RAY LAMONTAGNE: Centered by Solitude

Ray LaMontagne’s alarm clock delivered a life-changing epiphany when it blared Stephen Stills’ “Treetop Flyer” at four in the morning to get him up for his dead-end job at a Lewiston, Maine shoe factory. Most people loathe their alarm clock.


Some smack at it in a bleary-eyed stupor in hope of snoozing for a scant nine minutes. Others simply rip the chord from the wall. Ray LaMontagne’s alarm clock delivered a life-changing epiphany when it blared Stephen Stills’ “Treetop Flyer” at four in the morning to get him up for his dead-end job at a Lewiston, Maine shoe factory.

“It’s like a light went off and everything became very clear to me,” LaMontagne recalls in a measured tone, nearly 12 years later. “That period of my life was a dark, dark time, but I knew at that moment exactly what I wanted to do; I wanted to play music.” Skipping work, LaMontagne bought Stills Alone and a short time later sold his VW van to buy a Martin guitar.
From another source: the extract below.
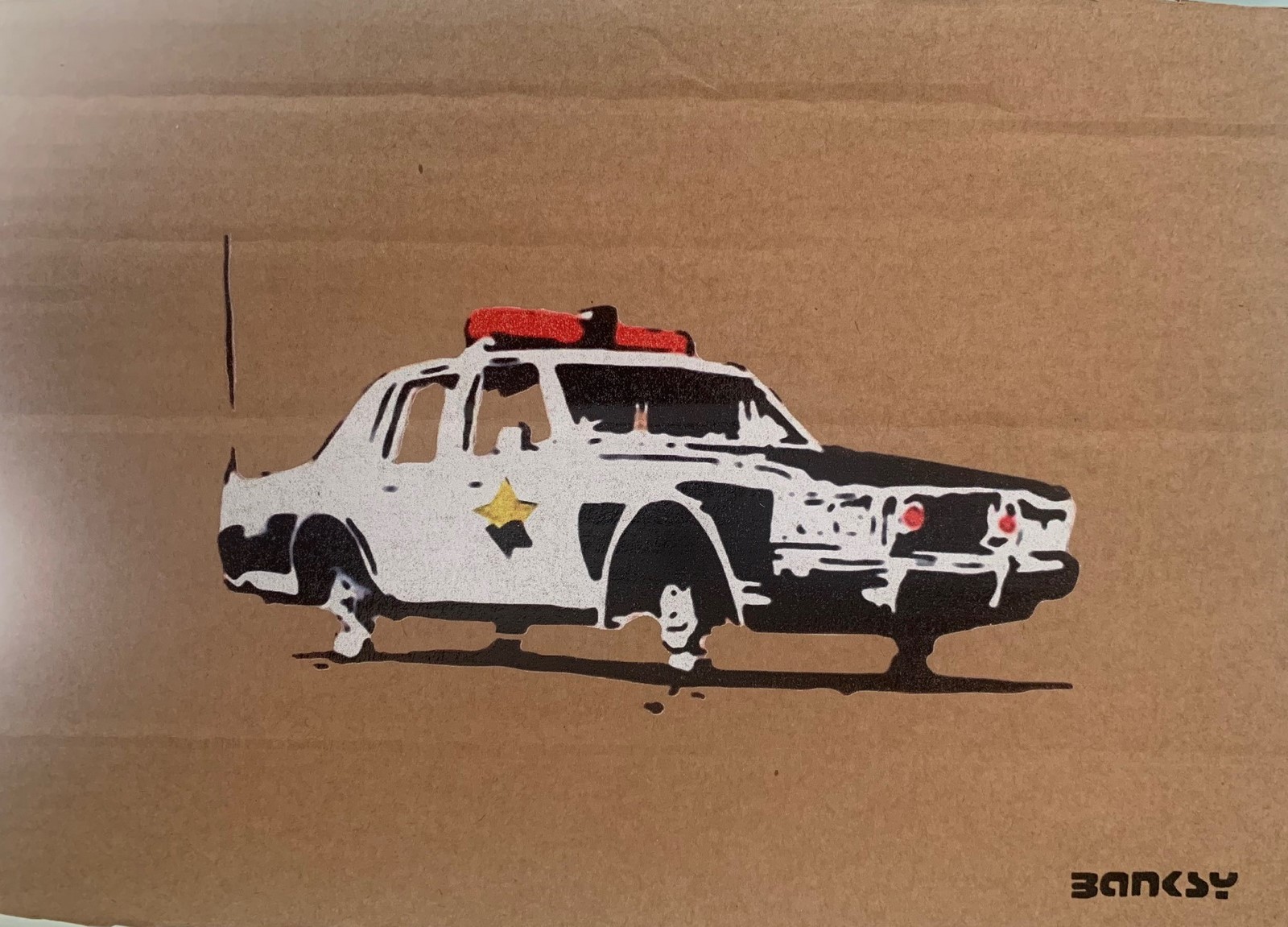 Free stencil spray paint art sown at Banksy's theme park "Dismaland" which ran for two months, from August to September 2015. During the exhibition period, Dismaland held a Free Art where they hid the artwork in various locations and you could take it home with you. (Some damage to the cardboard is the cause.) Comes with original entrance ticket and Dismaland Map.

As he learned to play, he immersed himself in the canon of classic American music.

“Neil Young, Crosby, Stills and Nash, tons of Bob Dylan, Joni Mitchell, Ray Charles, Otis Redding, Aretha Franklin, The Grateful Dead, The Band, all the mainstays I guess,” LaMontagne remembers. “From the time I was 20 until I was about 26; that’s when I really listened to music. When I wasn’t working, I was listening to records over and over again. I learned how to play the guitar and was just amazed by singers and how a certain turn of a phrase or a syllable can just kill you. I just loved it, loved it, loved it. Then, I bought a piece of land and started working on my cabin. I was cut off from listening to music for years. We didn’t have electricity out there, so that’s really when I started to write my own songs.”
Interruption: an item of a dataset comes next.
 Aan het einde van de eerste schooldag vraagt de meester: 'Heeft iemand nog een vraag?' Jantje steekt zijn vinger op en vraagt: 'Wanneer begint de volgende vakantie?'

The songs LaMontagne wrote late at night in his cabin in the woods-inspired by his musical heroes and the dark, intimate ambiance of his surroundings-were nothing short of heroic. His soulful vocals fit perfectly with the plaintive songwriting and sparse acoustic guitar-driven melodies. Wrought with despair and anguish, songs like “Burn” and “Jolene” were emotional firestorms teetering on the brink of collapse, while “Shelter” and “Trouble” were exultations of joy. These were classics in the making, heard only by the shadows in LaMontagne’s cabin for years as he mounted the courage to share his music with the outside world.

In the summer of 1999, LaMontagne recorded a 10-song demo, which he shared with a local theater owner, hoping to get some gigs opening for touring folk acts. But it was a gig a few years later at a fan’s company picnic in nearby Portland that led to a phone call from Jamie Cerreta at Chrysalis Music, a leading independent music publisher. As fate would have it, Ethan Johns, son of legendary producer Glyn Johns and an experienced and accomplished producer and musician in his own right, was among the first Cerreta asked to listen to the young songwriter’s music. Johns was overwhelmed with what he heard and offered to produce a cleaner demo that Chrysalis could then shop to major labels.

“We had a very, very, very small amount of money, really enough for studio time and tape,” LaMontagne says. “Once we got started, over lunch one day Ethan just said, ‘Let’s just make a record, man. Forget about making demos. Let’s just make a record.’ He was very generous in that he didn’t take any money to do the record with me. We took two weeks and really quickly went through the material I had and did the best we could. It was a great experience and I definitely wouldn’t trade it for the world. And a big part of that experience was doing it with Ethan. I was pretty much a wreck during that time. I was not very aware of music. At that time, I was living in the cabin and had been for five years. I was completely cut off from what was going on in contemporary music altogether. I listened to records that were 30 years old, and that’s when I could even listen to them. I was a carpenter at that time and I just had a bunch of songs. Ethan knew how to work a tape machine and could play drums really well. That’s really it. He was exactly what I needed and came along at the right time for me in my life.”

The result of LaMontagne’s early morning epiphany and b’shert collaboration with Johns was Trouble, his 10-song debut released in 2004 on RCA Records, which won a multi-label bidding war to sign him. The album has sold nearly half a million copies to date, garnered widespread critical acclaim and drawn comparisons to everything from Joe Cocker and Otis Redding to Van Morrison’s seminal masterpiece, Astral Weeks. Admiration from his musical peers soon followed; Sir Elton John was reported to be a fan, and Kelly Clarkson covered the third single off the album (“Shelter”) on the ReAct Now: Music & Relief benefit concert following Hurricane Katrina. Sheryl Crow name dropped him continually in a recent MOJO interview and listed Trouble as one of her “Top 25 Road Trip Albums.” Allman Brothers guitarist and Gov’t Mule frontman Warren Haynes heard an advance copy of the record in September 2004 and was astounded.